* **GIVEN INFORMATION**

******************************

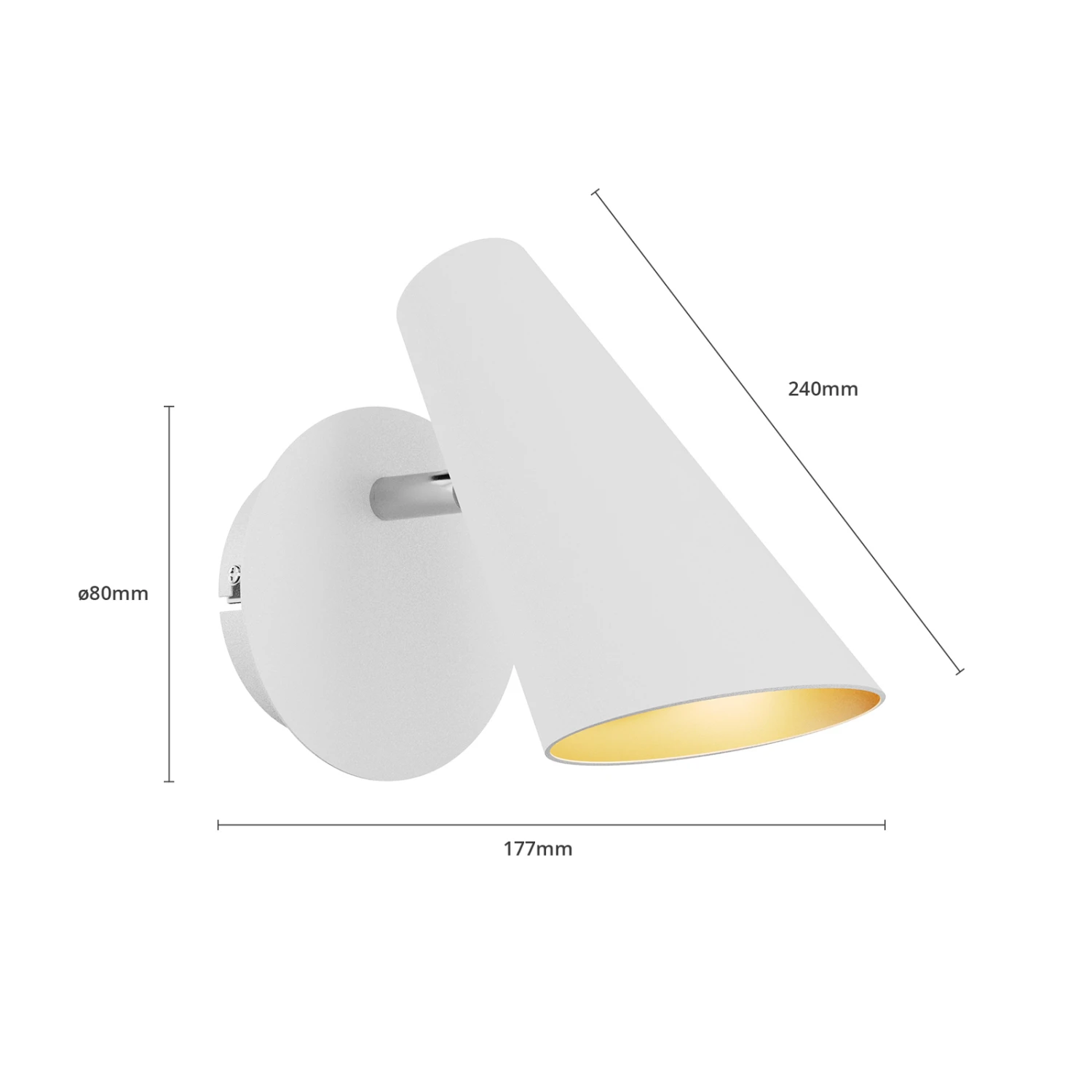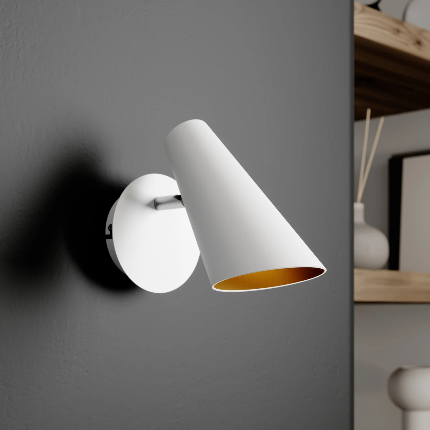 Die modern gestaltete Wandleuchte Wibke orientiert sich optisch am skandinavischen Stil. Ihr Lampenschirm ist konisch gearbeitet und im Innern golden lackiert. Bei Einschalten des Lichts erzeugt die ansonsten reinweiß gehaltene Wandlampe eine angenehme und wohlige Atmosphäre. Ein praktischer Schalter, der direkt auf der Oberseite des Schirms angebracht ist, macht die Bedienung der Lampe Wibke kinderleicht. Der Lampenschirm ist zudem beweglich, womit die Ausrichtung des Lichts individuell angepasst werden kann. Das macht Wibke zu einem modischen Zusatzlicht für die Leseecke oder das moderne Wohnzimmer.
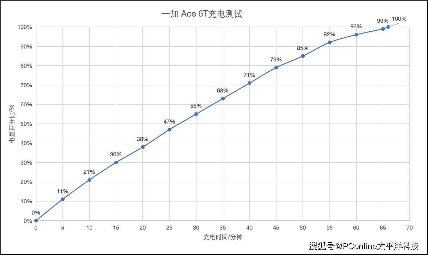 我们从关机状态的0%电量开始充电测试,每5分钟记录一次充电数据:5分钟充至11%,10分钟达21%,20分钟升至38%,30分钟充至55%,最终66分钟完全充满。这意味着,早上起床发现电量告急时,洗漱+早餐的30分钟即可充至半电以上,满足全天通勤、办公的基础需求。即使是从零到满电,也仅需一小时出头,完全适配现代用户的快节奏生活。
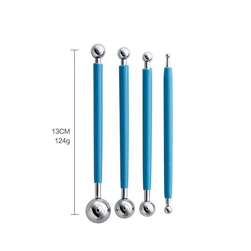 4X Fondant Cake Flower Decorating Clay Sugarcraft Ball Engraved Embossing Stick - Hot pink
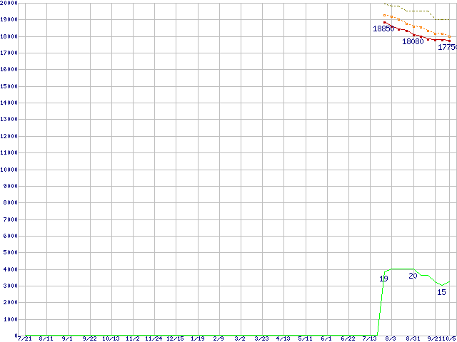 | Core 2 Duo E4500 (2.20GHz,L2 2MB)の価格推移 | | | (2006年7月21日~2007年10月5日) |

******************************

* **REQUIREMENT**
Skipping all images, print the data above a second time exactly.

* **TASK RESULT**
 Die modern gestaltete Wandleuchte Wibke orientiert sich optisch am skandinavischen Stil. Ihr Lampenschirm ist konisch gearbeitet und im Innern golden lackiert. Bei Einschalten des Lichts erzeugt die ansonsten reinweiß gehaltene Wandlampe eine angenehme und wohlige Atmosphäre. Ein praktischer Schalter, der direkt auf der Oberseite des Schirms angebracht ist, macht die Bedienung der Lampe Wibke kinderleicht. Der Lampenschirm ist zudem beweglich, womit die Ausrichtung des Lichts individuell angepasst werden kann. Das macht Wibke zu einem modischen Zusatzlicht für die Leseecke oder das moderne Wohnzimmer.
 我们从关机状态的0%电量开始充电测试,每5分钟记录一次充电数据:5分钟充至11%,10分钟达21%,20分钟升至38%,30分钟充至55%,最终66分钟完全充满。这意味着,早上起床发现电量告急时,洗漱+早餐的30分钟即可充至半电以上,满足全天通勤、办公的基础需求。即使是从零到满电,也仅需一小时出头,完全适配现代用户的快节奏生活。
 4X Fondant Cake Flower Decorating Clay Sugarcraft Ball Engraved Embossing Stick - Hot pink
 | Core 2 Duo E4500 (2.20GHz,L2 2MB)の価格推移 | | | (2006年7月21日~2007年10月5日) |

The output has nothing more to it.